Could you copy the records below exactly, leaving out any pictures?
··· AVAILABLE RECORDS ···
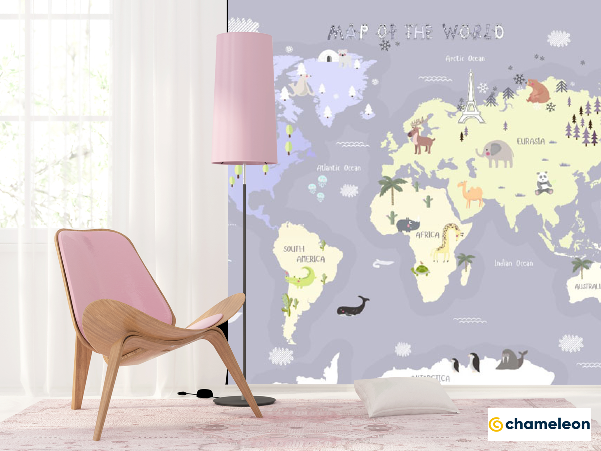 Фотошпалери фіолетова дитяча карта англійською
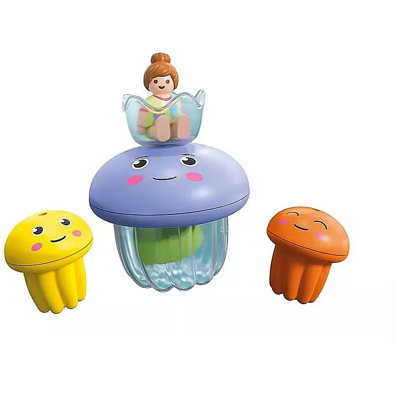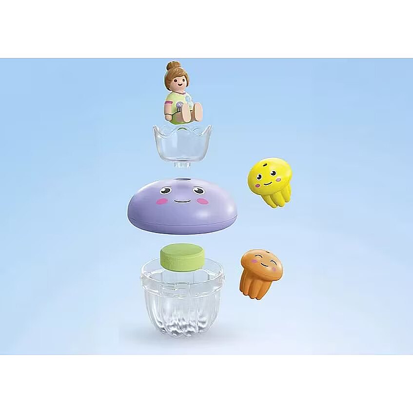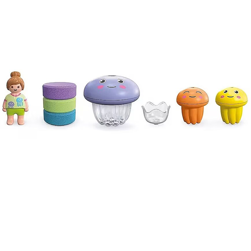 Ready, set, splash! Who will be the first in the tub? With the fantastic new sets created in collaboration with Tinti, bath time is even more exciting! Three different colorful bath tablets from Tinti turn the water into a bubbly, fragrant delight. Whats your favorite bath water color? Today is jellyfish bath day! The jellyfish family enjoys their time together in the tub. Decide which little jellyfish will swim around and which one will relax on the big jellyfishs head. Which color will you choose for your bath today?
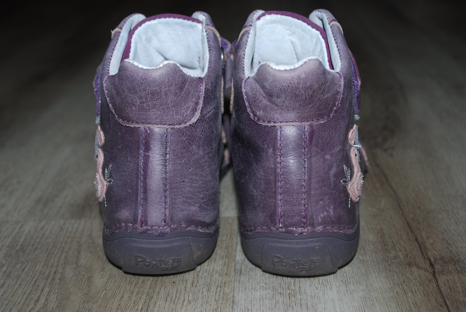 Prodám kvalitní celokožené botky značky Ponte.. Jsou lehké, ohebné a velmi pohodlné.. Jsou nošené jedním dítětem a jednu sezónu.. Jemná kůže je náchylnější na oděrky, proto je to na botkách viditelné.. Podrážky i paty jsou ale plně funkční.. Délka vnitřní stélky měří 18cm.. Jsou v záruce do 19.2.2026..
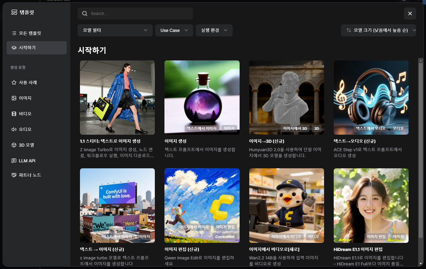 이번 글에서는 ComfyUI 템플릿 시작하기의 '이미지 → 3D(신규)'를 통해
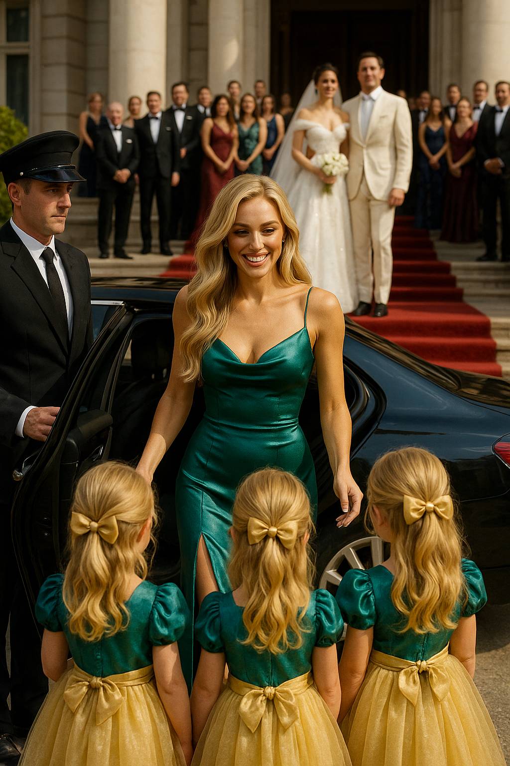 The chauffeur opened the door with precision. First, three girls in matching yellow dresses stepped out, hand in hand, their curls bouncing with every step.
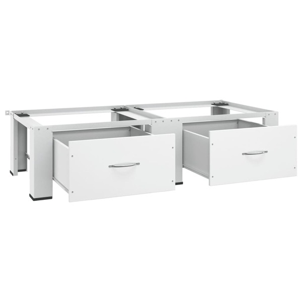 Our dual pedestal can be used to keep your washing and drying machine off the floor and raise them to a suitable working height, so you don’t have to bend too much to load or remove your laundry. The pedestal is made of strong steel, making it very sturdy and each can hold a washing machine or drying machine weighing up to 100 kg. Thanks to non-slip pads, the washing and drying machine stands stably. The feet are also rubberised, which makes them non-slip and keeps your floors from getting scratched. The pedestal also features two enclosed drawers for extra storage space.
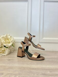 Sandalia taco medio con plataforma .Cuero peltre.
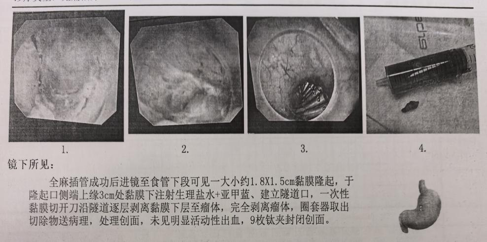患者劉先生因反復(fù)出現(xiàn)吞咽不適、進(jìn)食梗阻感前往醫(yī)院就診。經(jīng)胃鏡檢查,醫(yī)生發(fā)現(xiàn)其食管下段存在隆起性病變,消化內(nèi)科Ⅱ病區(qū)專(zhuān)家團(tuán)隊(duì)結(jié)合患者病情進(jìn)行會(huì)診后,決定采用STER技術(shù)為其開(kāi)展微創(chuàng)治療。手術(shù)在全身麻醉下進(jìn)行,手術(shù)團(tuán)隊(duì)在患者食管黏膜上建立微小“隧道”,通過(guò)該隧道精準(zhǔn)切除病變組織,隨后用9枚鈦夾妥善夾閉創(chuàng)口,整個(gè)手術(shù)過(guò)程出血極少,進(jìn)展順利。
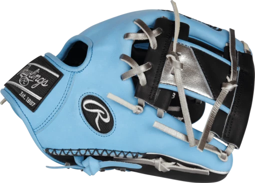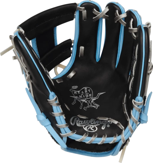 Add some flair to your game with the Heart of the Hide ColorSync 5.0 11.5-inch infield glove. It was artfully constructed from our ultra-premium steer-hide leather to give you superior quality and performance every inning out. This ColorSync glove features a stylish Columbia blue & black design with a unique two-tone black/platinum I-web. It even has a special black/silver Rawlings ColorSync patch to tie it all together, too.
···
__PROBLEM SOLUTION__:
 Фотошпалери фіолетова дитяча карта англійською
 Ready, set, splash! Who will be the first in the tub? With the fantastic new sets created in collaboration with Tinti, bath time is even more exciting! Three different colorful bath tablets from Tinti turn the water into a bubbly, fragrant delight. Whats your favorite bath water color? Today is jellyfish bath day! The jellyfish family enjoys their time together in the tub. Decide which little jellyfish will swim around and which one will relax on the big jellyfishs head. Which color will you choose for your bath today?
 Prodám kvalitní celokožené botky značky Ponte.. Jsou lehké, ohebné a velmi pohodlné.. Jsou nošené jedním dítětem a jednu sezónu.. Jemná kůže je náchylnější na oděrky, proto je to na botkách viditelné.. Podrážky i paty jsou ale plně funkční.. Délka vnitřní stélky měří 18cm.. Jsou v záruce do 19.2.2026..
 이번 글에서는 ComfyUI 템플릿 시작하기의 '이미지 → 3D(신규)'를 통해
 The chauffeur opened the door with precision. First, three girls in matching yellow dresses stepped out, hand in hand, their curls bouncing with every step.
 Our dual pedestal can be used to keep your washing and drying machine off the floor and raise them to a suitable working height, so you don’t have to bend too much to load or remove your laundry. The pedestal is made of strong steel, making it very sturdy and each can hold a washing machine or drying machine weighing up to 100 kg. Thanks to non-slip pads, the washing and drying machine stands stably. The feet are also rubberised, which makes them non-slip and keeps your floors from getting scratched. The pedestal also features two enclosed drawers for extra storage space.
 Sandalia taco medio con plataforma .Cuero peltre.
患者劉先生因反復(fù)出現(xiàn)吞咽不適、進(jìn)食梗阻感前往醫(yī)院就診。經(jīng)胃鏡檢查,醫(yī)生發(fā)現(xiàn)其食管下段存在隆起性病變,消化內(nèi)科Ⅱ病區(qū)專(zhuān)家團(tuán)隊(duì)結(jié)合患者病情進(jìn)行會(huì)診后,決定采用STER技術(shù)為其開(kāi)展微創(chuàng)治療。手術(shù)在全身麻醉下進(jìn)行,手術(shù)團(tuán)隊(duì)在患者食管黏膜上建立微小“隧道”,通過(guò)該隧道精準(zhǔn)切除病變組織,隨后用9枚鈦夾妥善夾閉創(chuàng)口,整個(gè)手術(shù)過(guò)程出血極少,進(jìn)展順利。
 Add some flair to your game with the Heart of the Hide ColorSync 5.0 11.5-inch infield glove. It was artfully constructed from our ultra-premium steer-hide leather to give you superior quality and performance every inning out. This ColorSync glove features a stylish Columbia blue & black design with a unique two-tone black/platinum I-web. It even has a special black/silver Rawlings ColorSync patch to tie it all together, too.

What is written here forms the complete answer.